>>

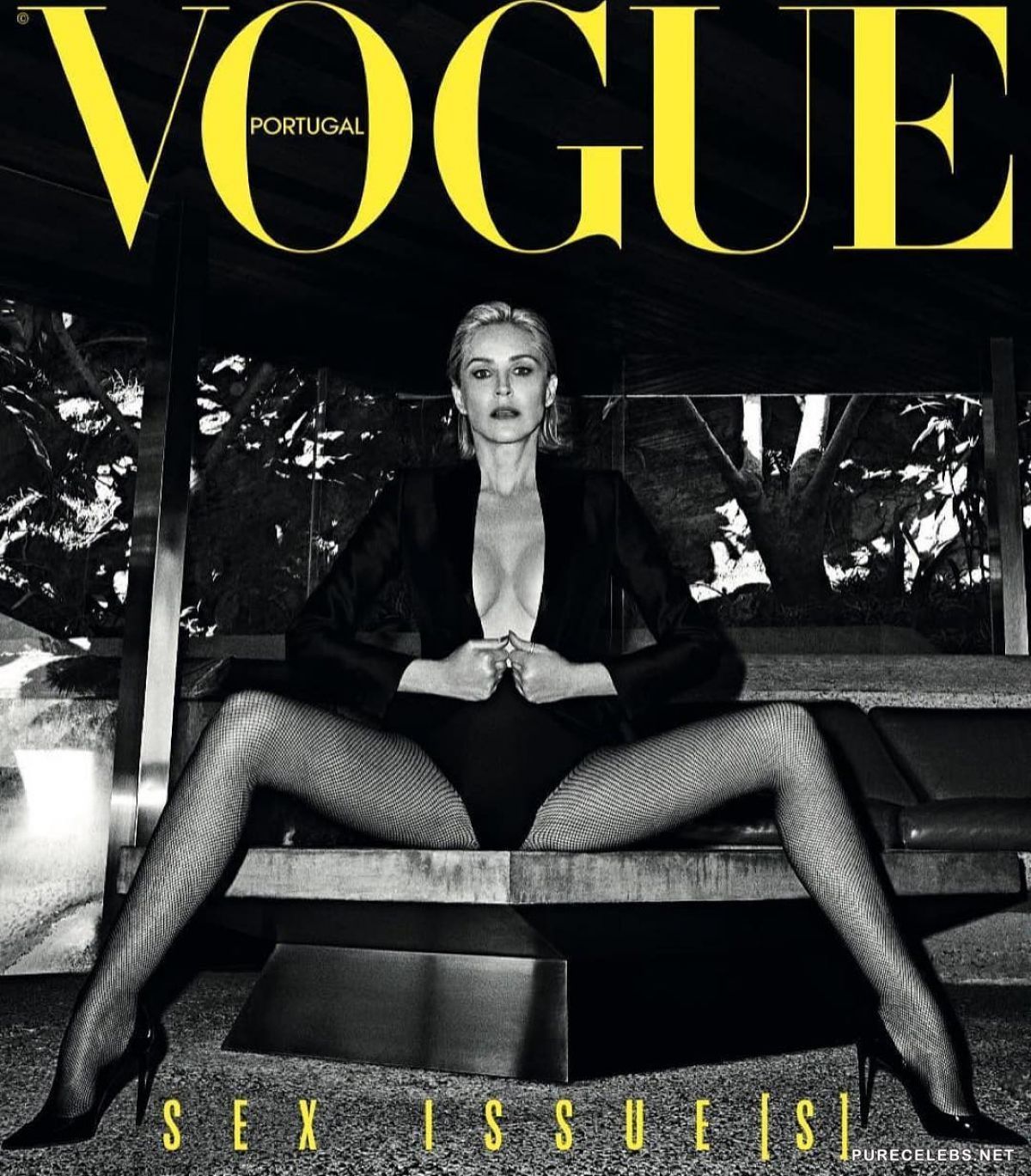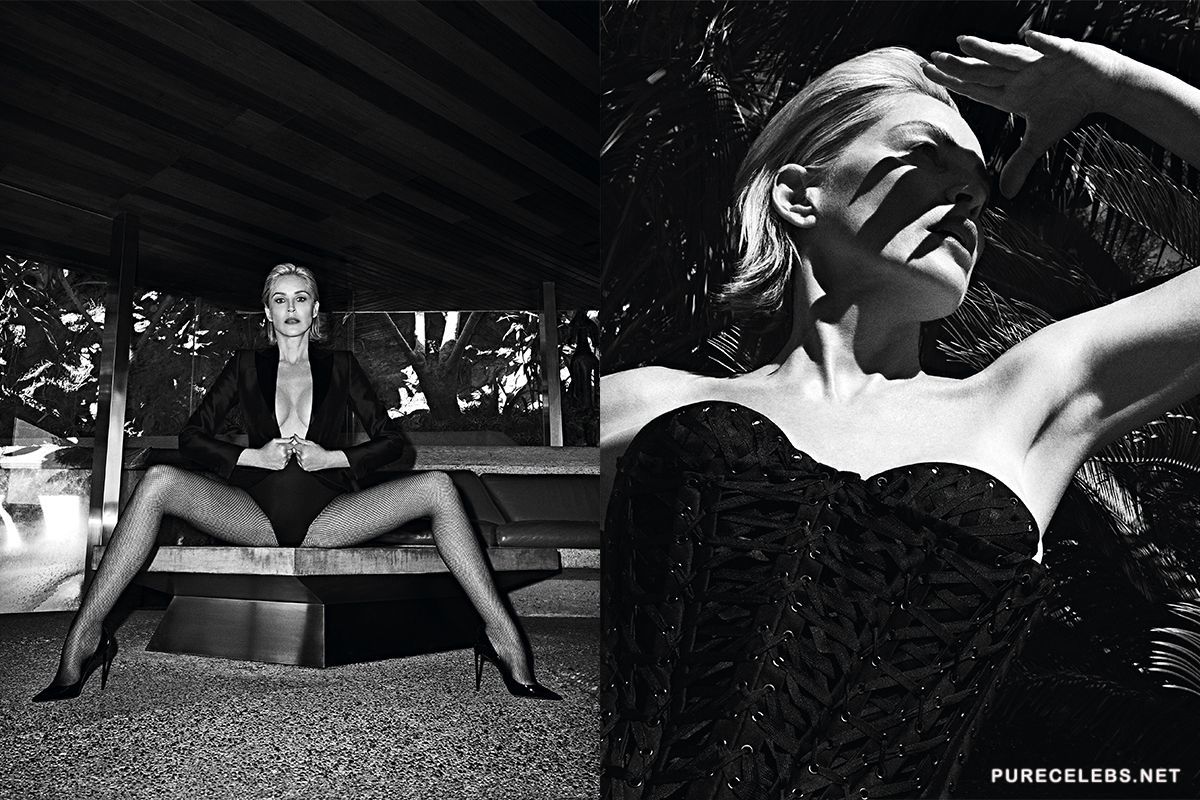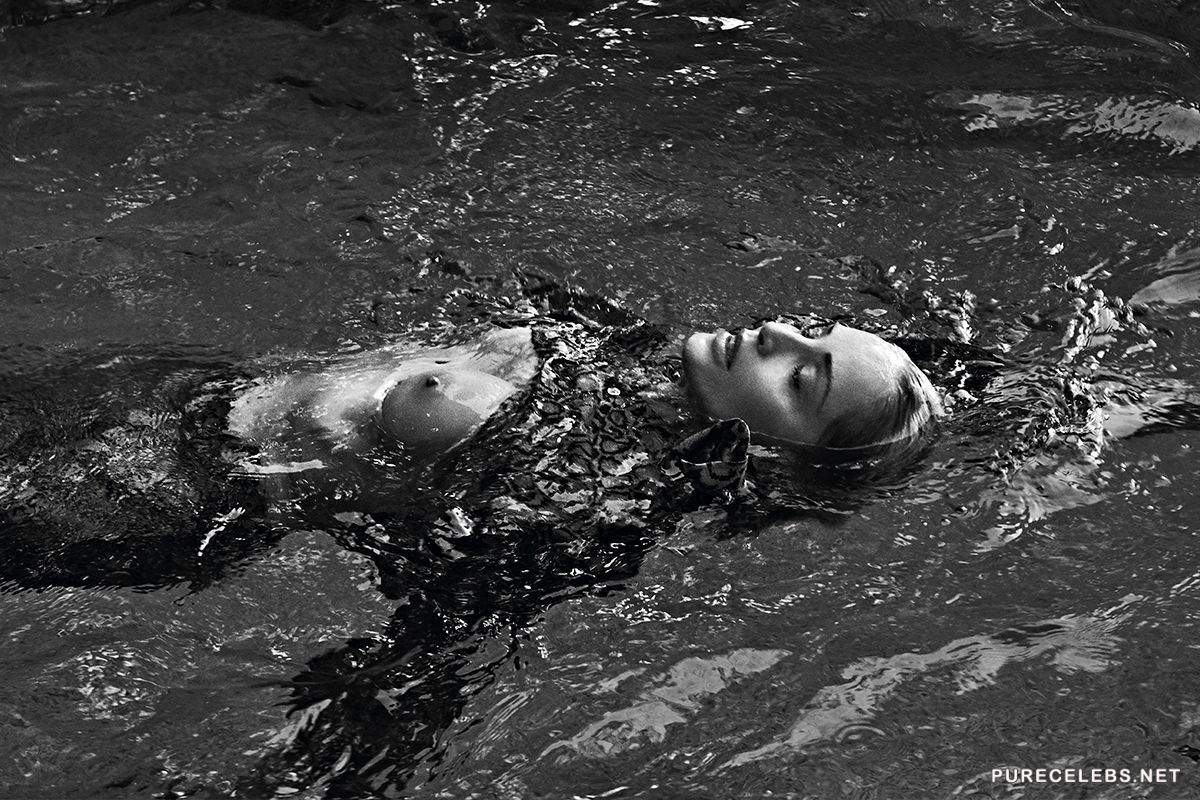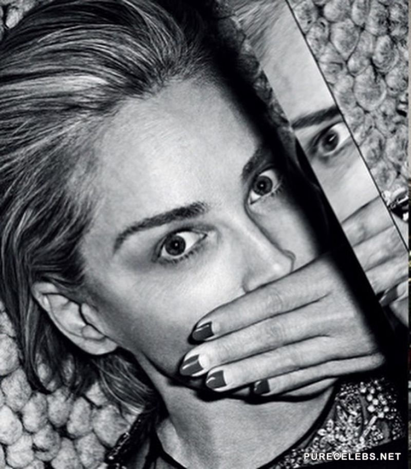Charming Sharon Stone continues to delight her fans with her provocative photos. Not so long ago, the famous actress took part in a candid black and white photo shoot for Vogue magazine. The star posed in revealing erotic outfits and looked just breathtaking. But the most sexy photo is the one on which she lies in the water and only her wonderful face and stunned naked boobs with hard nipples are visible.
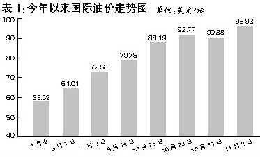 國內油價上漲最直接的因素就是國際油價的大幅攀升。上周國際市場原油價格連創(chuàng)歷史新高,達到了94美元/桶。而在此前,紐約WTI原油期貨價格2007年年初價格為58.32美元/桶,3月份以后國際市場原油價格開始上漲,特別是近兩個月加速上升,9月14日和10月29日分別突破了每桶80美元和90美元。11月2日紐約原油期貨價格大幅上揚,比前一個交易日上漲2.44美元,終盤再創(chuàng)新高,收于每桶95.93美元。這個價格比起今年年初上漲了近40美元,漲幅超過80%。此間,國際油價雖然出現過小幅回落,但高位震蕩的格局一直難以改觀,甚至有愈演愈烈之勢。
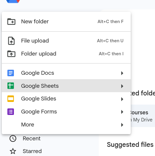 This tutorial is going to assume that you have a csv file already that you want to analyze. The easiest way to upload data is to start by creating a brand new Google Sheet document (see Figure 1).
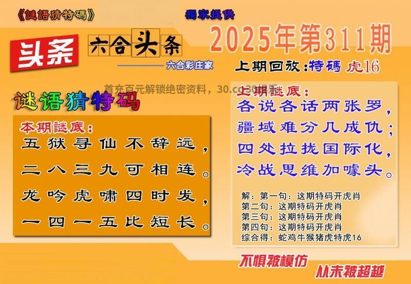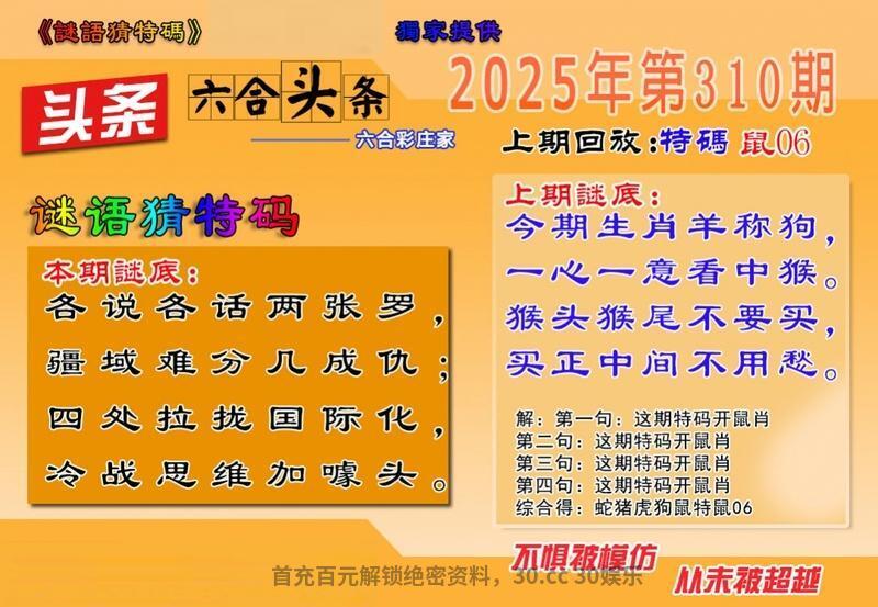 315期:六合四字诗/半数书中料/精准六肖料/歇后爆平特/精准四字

<<

• Exercise:
Locate "This tutorial is" in the listing above, then print exactly the lines from that line through the final one, omitting all pictures.

• Answer section:
 This tutorial is going to assume that you have a csv file already that you want to analyze. The easiest way to upload data is to start by creating a brand new Google Sheet document (see Figure 1).
 315期:六合四字诗/半数书中料/精准六肖料/歇后爆平特/精准四字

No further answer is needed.